▸ **Goal of the exercise**:
Write out the data below exactly as given, without any of its pictures.

Raw data section start

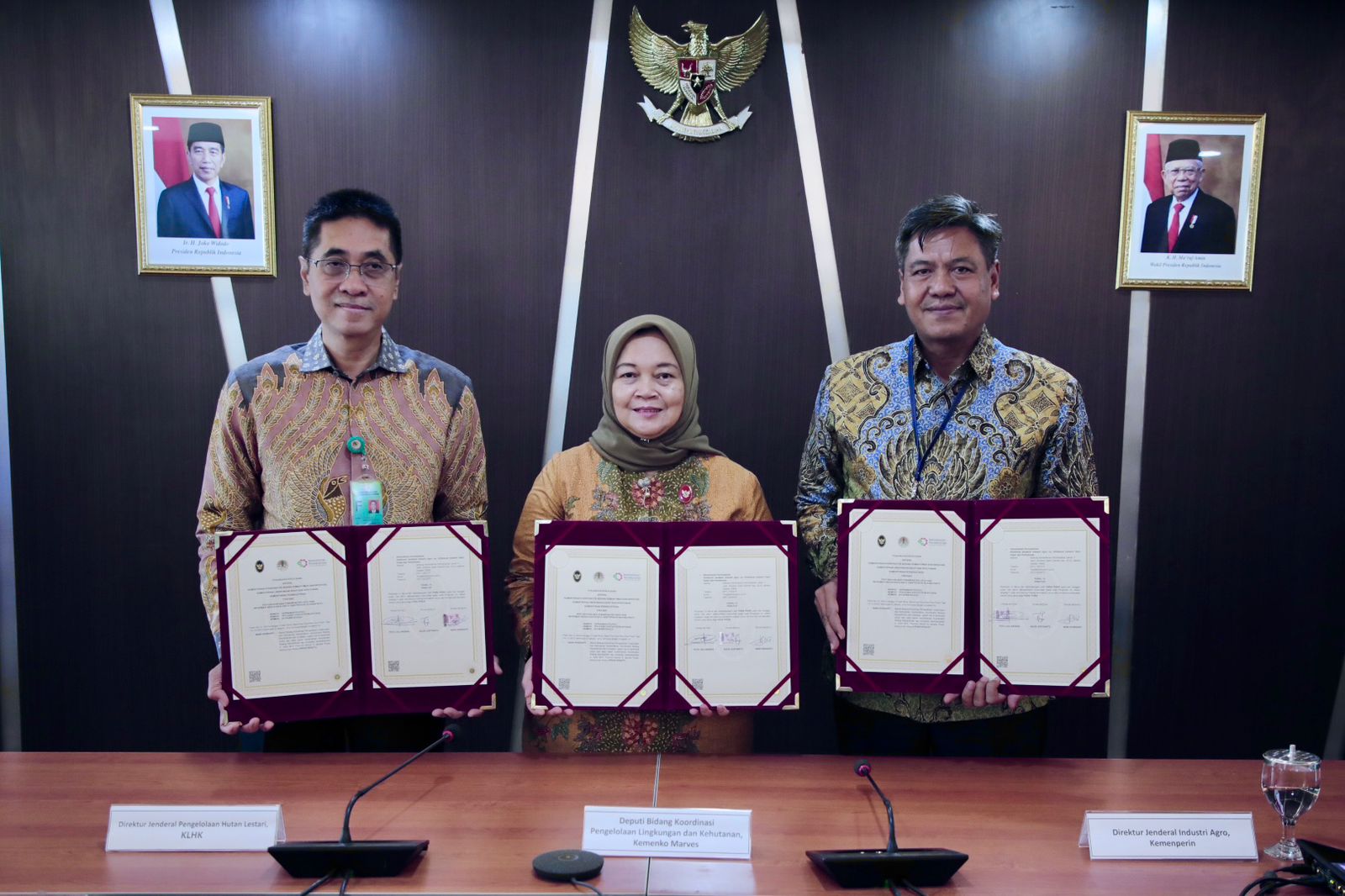 Sinergi antar kementerian ini, tertuang dalam penandatanganan Perjanjian Kerja Sama (PKS) tentang pertukaran dan pemanfaatan data bahan baku kayu dan produk olahan kayu (Interkoneksi sistem informasi produk industri kehutanan), yang telah ditandatangani oleh Deputi Bidang Pengelolaan Lingkungan dan Kehutanan Kemenko Marves Nani Hendiarti, Plt. Dirjen Pengelolaan Hutan Lestari KLHK Agus Justianto, serta Dirjen Industri Agro Kemenperin Putu Juli Ardika di Jakarta, Kamis (14/12).
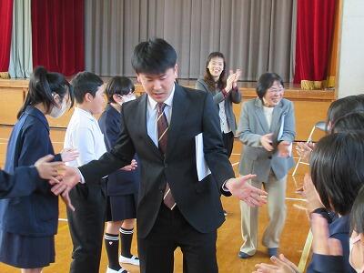 最後は、子ども達のアーチの中をくぐり、刑部小学校をあとにされました。
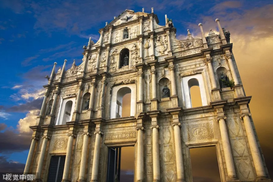 大三巴牌坊是最具代表性的"澳门八景"之一,位于炮台山下,左临澳门博物馆和大炮台名胜,为天主之母教堂(即圣保禄教堂)的前壁遗址,曾浴火重生。建筑糅合了欧洲文艺复兴时期与东方建筑的风格而成,体现出东西艺术的交融,雕刻精细,巍峨壮观。
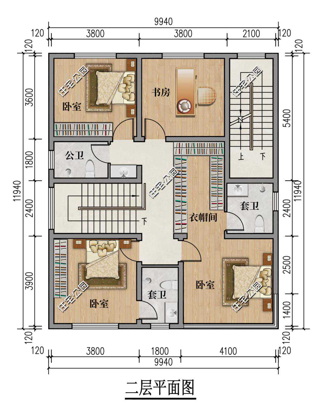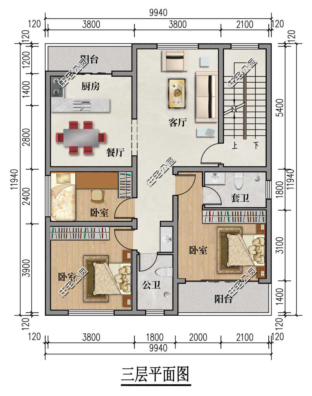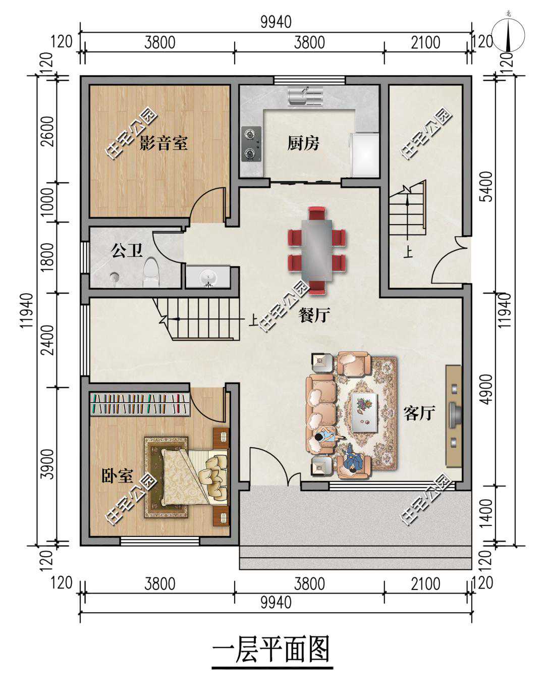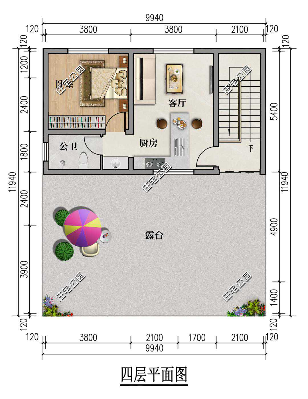 广东的王先生去年过年回家,看到邻居都建了新房,而且还把闲置的房间出租,生意做得如火如荼。王先生看着羡慕极了,于是打算今年回家也建一栋,既能自住又能出租的别墅。 在了解到王先生的需求过后,我们为他定制设计了这套四层现代别墅ZJ-2153+。 它有室外、室内两部楼梯,且一二层自住区与三四层出租区单独入户、互不打扰。三四层室内的厨房、餐厅、客厅均配备齐全,即便是出租使用,居住舒适度也不差。 其他方位图: 户型基本信息 占地尺寸:10m×12m 占地面积:111㎡ 建筑面积:399㎡ 建筑高度:13.65m 建筑结构:框架结构 建筑情况:设8卧室3客厅3餐厅3厨房7卫1影音室 详细示意图: 平面布局图: 一层 一层、二层主要作为自己的居住区,动静分区,居住舒适度更高。 入户即是面宽近6米的大客厅,客厅区域面积宽敞、采光通风性更好,看着也更大气。 二层 二层东南侧设有豪华套卧,业主的居住舒适度更佳。 东北侧的书房更显安静,大人在此办公,小朋友在这里上网课、学习都很方便。 三层 三四层为出租,每层单独入户,带有独立厨房、客厅。 南侧设有3间卧室,与北侧的客厅、厨房区域分隔开,家人也不必担心会被打扰。 四层 四层也是单独入户,室内面积虽较小,但该有的全都有。 南侧大露台,进一步拓展了使用空间,租客可以在露台上尽情地休闲娱乐。
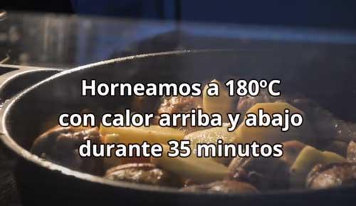 Ahora, lleva la cazuela al horno precalentado a 180ºC. Yo estoy usando una cazuela de hierro fundido que es apta para horno. Si la tuya es normal pasa todo a una fuente que sea apta para horno.
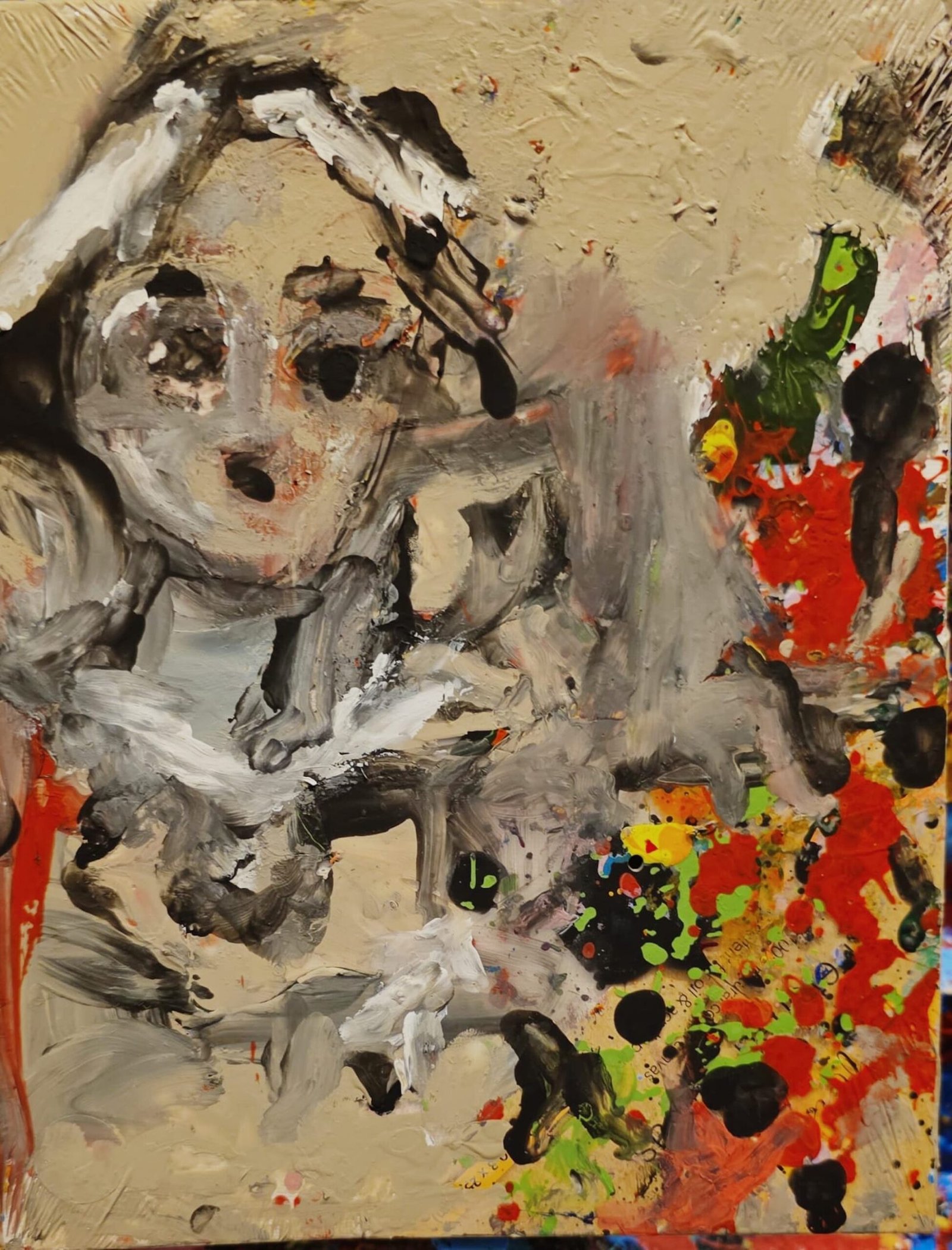 The angelic figures, loosely defined and partially dissolved into the surface, reject anatomical precision in favor of emotional intensity. They exist as transitional beings—neither fully visible nor entirely absent—inhabiting an abstract garden where matter itself seems to breathe. The gestural brushwork, combined with drips and dense pigment accumulations, reveals an intuitive and physical process aligned with expressionist automatism.
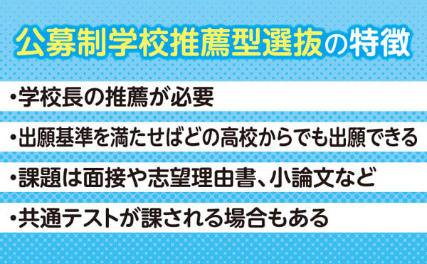 学校推薦型選抜の「公募制」推薦入試は、大学が指定する基準(学校の成績など)をクリアし、学校長の推薦がもらえれば、どの高校からでも出願できます。
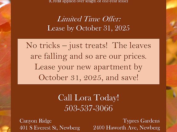 Canyon Ridge Apartments is a quiet community located just off Hwy 99 in Newberg. The complex is within walking distance to George Fox University, Newberg High School, Chehalem Aquatic Center and a short drive to Mabel Rush Elementary and Fred Meyer shopping center.
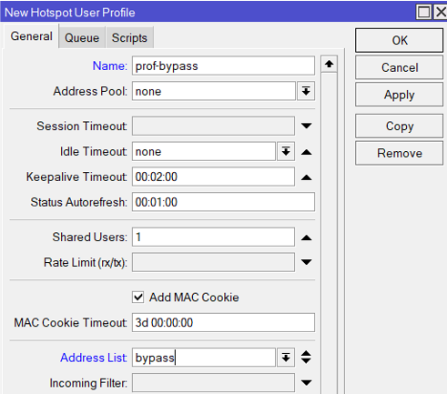 2. Kemudia kita bisa masuk ke menu User Profile untuk memasukan client yang aktif ke address list bypass
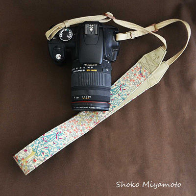 英国リバティ社のプリントを使った一眼レフカメラ用ストラップです。
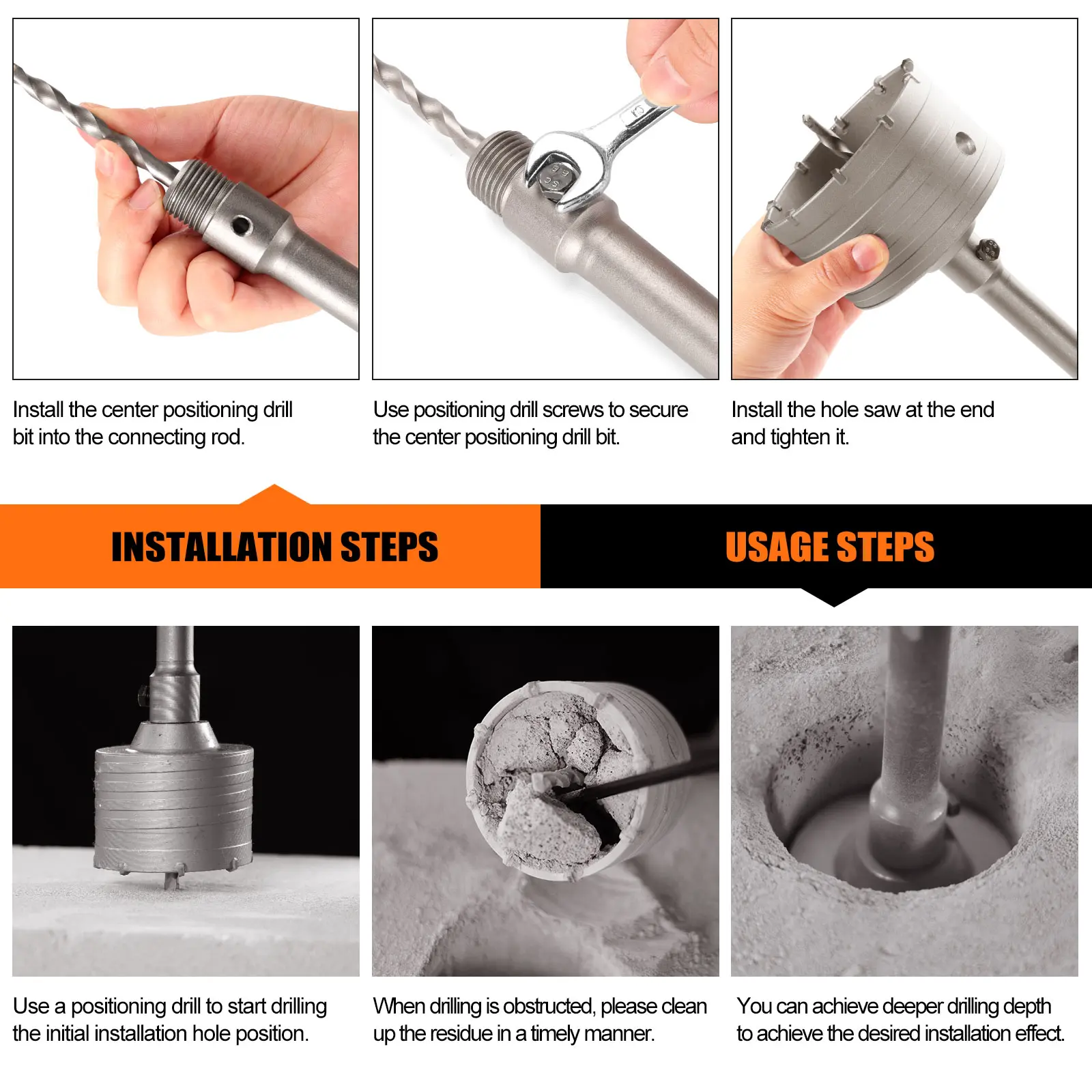 Made of tungsten carbide through high-temperature quenching, this 5pc concrete hole saw set delivers exceptional hardness, durability, and rust resistance. The corrosion-resistant surface and sharp tungsten carbide teeth ensure high-precision, smooth cutting with stable, fast drilling performance.
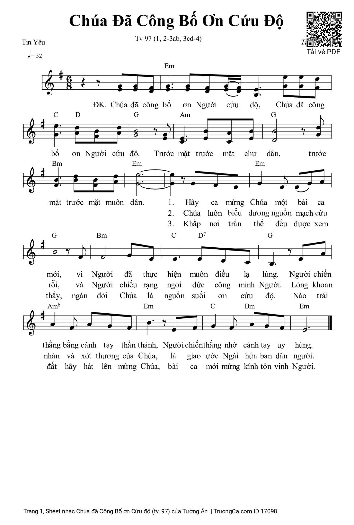 More similar sheets PDF Chúa đã Công Bố ơn Cứu độ (tv. 97):
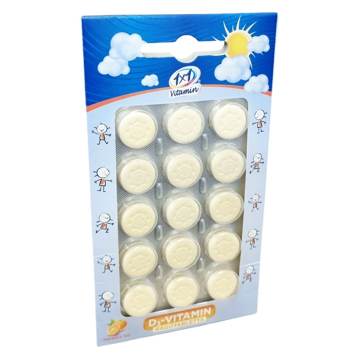Az 1x1 Vitamin D3-vitamin rágótabletta narancs ízű, édesítőszerekkel készült étrend-kiegészítő, amely 15 darab, egyenként 850 mg-os tablettát tartalmaz összesen 12,75 g nettó tömeggel. A készítmény egy tablettában 400 NE (10 µg) D3-vitamint tartalmaz, mely hozzájárulhat az immunrendszer megfelelő működéséhez, valamint támogathatja az egészséges csontozat és fogazat fenntartását. A termék előállítása az Európai Unió területén történik. A gyártási szám a termék azonosítását szolgálja.

Raw data section end

▸ **Your solution**:
 Sinergi antar kementerian ini, tertuang dalam penandatanganan Perjanjian Kerja Sama (PKS) tentang pertukaran dan pemanfaatan data bahan baku kayu dan produk olahan kayu (Interkoneksi sistem informasi produk industri kehutanan), yang telah ditandatangani oleh Deputi Bidang Pengelolaan Lingkungan dan Kehutanan Kemenko Marves Nani Hendiarti, Plt. Dirjen Pengelolaan Hutan Lestari KLHK Agus Justianto, serta Dirjen Industri Agro Kemenperin Putu Juli Ardika di Jakarta, Kamis (14/12).
 最後は、子ども達のアーチの中をくぐり、刑部小学校をあとにされました。
 大三巴牌坊是最具代表性的"澳门八景"之一,位于炮台山下,左临澳门博物馆和大炮台名胜,为天主之母教堂(即圣保禄教堂)的前壁遗址,曾浴火重生。建筑糅合了欧洲文艺复兴时期与东方建筑的风格而成,体现出东西艺术的交融,雕刻精细,巍峨壮观。
 广东的王先生去年过年回家,看到邻居都建了新房,而且还把闲置的房间出租,生意做得如火如荼。王先生看着羡慕极了,于是打算今年回家也建一栋,既能自住又能出租的别墅。 在了解到王先生的需求过后,我们为他定制设计了这套四层现代别墅ZJ-2153+。 它有室外、室内两部楼梯,且一二层自住区与三四层出租区单独入户、互不打扰。三四层室内的厨房、餐厅、客厅均配备齐全,即便是出租使用,居住舒适度也不差。 其他方位图: 户型基本信息 占地尺寸:10m×12m 占地面积:111㎡ 建筑面积:399㎡ 建筑高度:13.65m 建筑结构:框架结构 建筑情况:设8卧室3客厅3餐厅3厨房7卫1影音室 详细示意图: 平面布局图: 一层 一层、二层主要作为自己的居住区,动静分区,居住舒适度更高。 入户即是面宽近6米的大客厅,客厅区域面积宽敞、采光通风性更好,看着也更大气。 二层 二层东南侧设有豪华套卧,业主的居住舒适度更佳。 东北侧的书房更显安静,大人在此办公,小朋友在这里上网课、学习都很方便。 三层 三四层为出租,每层单独入户,带有独立厨房、客厅。 南侧设有3间卧室,与北侧的客厅、厨房区域分隔开,家人也不必担心会被打扰。 四层 四层也是单独入户,室内面积虽较小,但该有的全都有。 南侧大露台,进一步拓展了使用空间,租客可以在露台上尽情地休闲娱乐。
 Ahora, lleva la cazuela al horno precalentado a 180ºC. Yo estoy usando una cazuela de hierro fundido que es apta para horno. Si la tuya es normal pasa todo a una fuente que sea apta para horno.
 The angelic figures, loosely defined and partially dissolved into the surface, reject anatomical precision in favor of emotional intensity. They exist as transitional beings—neither fully visible nor entirely absent—inhabiting an abstract garden where matter itself seems to breathe. The gestural brushwork, combined with drips and dense pigment accumulations, reveals an intuitive and physical process aligned with expressionist automatism.
 学校推薦型選抜の「公募制」推薦入試は、大学が指定する基準(学校の成績など)をクリアし、学校長の推薦がもらえれば、どの高校からでも出願できます。
 Canyon Ridge Apartments is a quiet community located just off Hwy 99 in Newberg. The complex is within walking distance to George Fox University, Newberg High School, Chehalem Aquatic Center and a short drive to Mabel Rush Elementary and Fred Meyer shopping center.
 2. Kemudia kita bisa masuk ke menu User Profile untuk memasukan client yang aktif ke address list bypass
 英国リバティ社のプリントを使った一眼レフカメラ用ストラップです。
 Made of tungsten carbide through high-temperature quenching, this 5pc concrete hole saw set delivers exceptional hardness, durability, and rust resistance. The corrosion-resistant surface and sharp tungsten carbide teeth ensure high-precision, smooth cutting with stable, fast drilling performance.
 More similar sheets PDF Chúa đã Công Bố ơn Cứu độ (tv. 97):
Az 1x1 Vitamin D3-vitamin rágótabletta narancs ízű, édesítőszerekkel készült étrend-kiegészítő, amely 15 darab, egyenként 850 mg-os tablettát tartalmaz összesen 12,75 g nettó tömeggel. A készítmény egy tablettában 400 NE (10 µg) D3-vitamint tartalmaz, mely hozzájárulhat az immunrendszer megfelelő működéséhez, valamint támogathatja az egészséges csontozat és fogazat fenntartását. A termék előállítása az Európai Unió területén történik. A gyártási szám a termék azonosítását szolgálja.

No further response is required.